Em 2022, soltura de tartarugas do Vale do Guaporé aconteceu em uma praia da região do município de São Francisco do Guaporé (Caique Brilhante/Reprodução)
Para manter a continuidade, a ação tem apoio do Programa Quelônios da Amazônia, dirigido pelo Instituto Brasileiro do Meio Ambiente e dos Recursos Naturais Renováveis (Ibama). A Secretaria de Estado do Desenvolvimento Ambiental de Rondônia (Sedam-RO) e a Polícia Militar Ambiental (PMA) também auxiliam.
Preservação ambiental e cultural
Hoje, a Ecovale tem seis colaboradores fixos, mas não faltam voluntários, especialmente, na época de reprodução das tarturgas e soltura dos filhotes, como explica o fundador e vice-presidente Zeca Lula.
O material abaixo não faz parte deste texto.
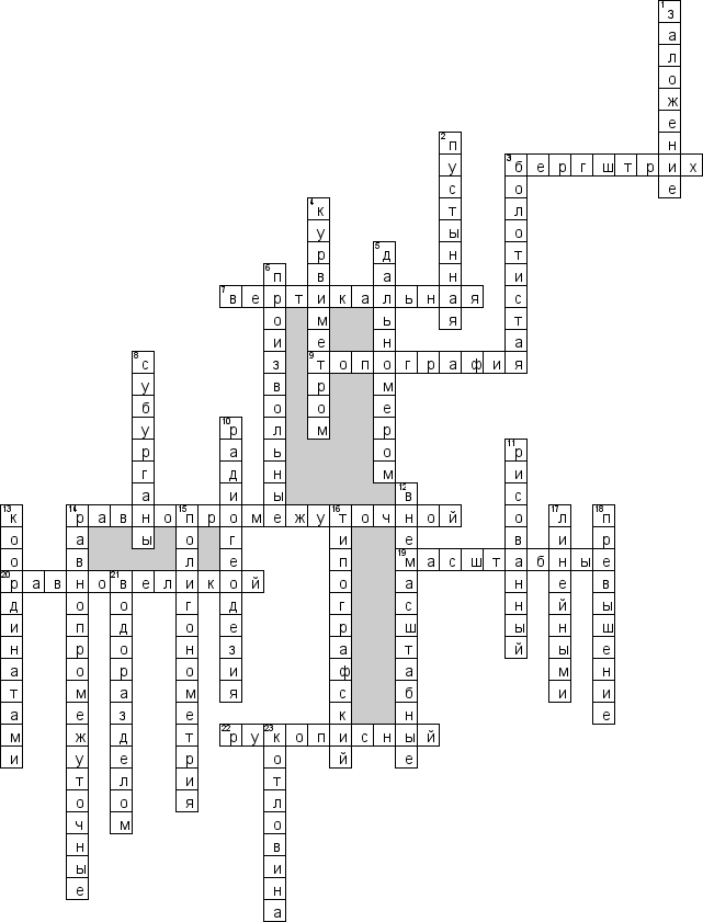 Готовый кроссворд по геодезии - на тему «Топографические карты»

São pessoas da sociedade civil, empresas, acadêmicos de universidades de Rondônia e de fora do Estado, além de organizações internacionais.
Centenas de pessoas se reuniram para prestigiar o show da natureza (Caique brilhante/Reprodução)
Os resultados desse sacerdócio voluntário em favor da vida e do meio ambiente vêm saltando ano após ano. Em 2019, foram 4 milhões de filhotes soltos. Em 2021, a conta aumentou para 10 milhões, até chegar aos 12 milhões deste ano.
“A tartaruga estava na lista vermelha, extremamente ameaçada de extinção e, graças ao nosso trabalho, não só o nosso, mas de outras pessoas, como acontece no Pará e no Amazonas, fizeram com que ela saísse da lista de extinção para a lista de animais vulneráveis”, explica o vice-presidente da Ecovale.
Zeca Lula diz que antes da existência da associação, não só as tartarugas, mas outras espécies de animais, como as gaivotas e os camaleões do Vale do Guaporé estavam desaparecendo. A associação nasceu em julho de 1999 e não parou mais os trabalhos.
“De lá para cá, a gente vem realizando um trabalho de recuperação das tartarugas e fazemos um trabalho socioambiental, também, com as comunidades ribeirinhas, quilombolas, além de um asilo na cidade de Cacoal, que nós ajudamos também”, concluiu Zeca Lula.
Consideradas as maiores tartarugas de água doce da América Latina, as tartarugas do Guaporé podem chegar a 1 metro de comprimento e passear até 75 quilos.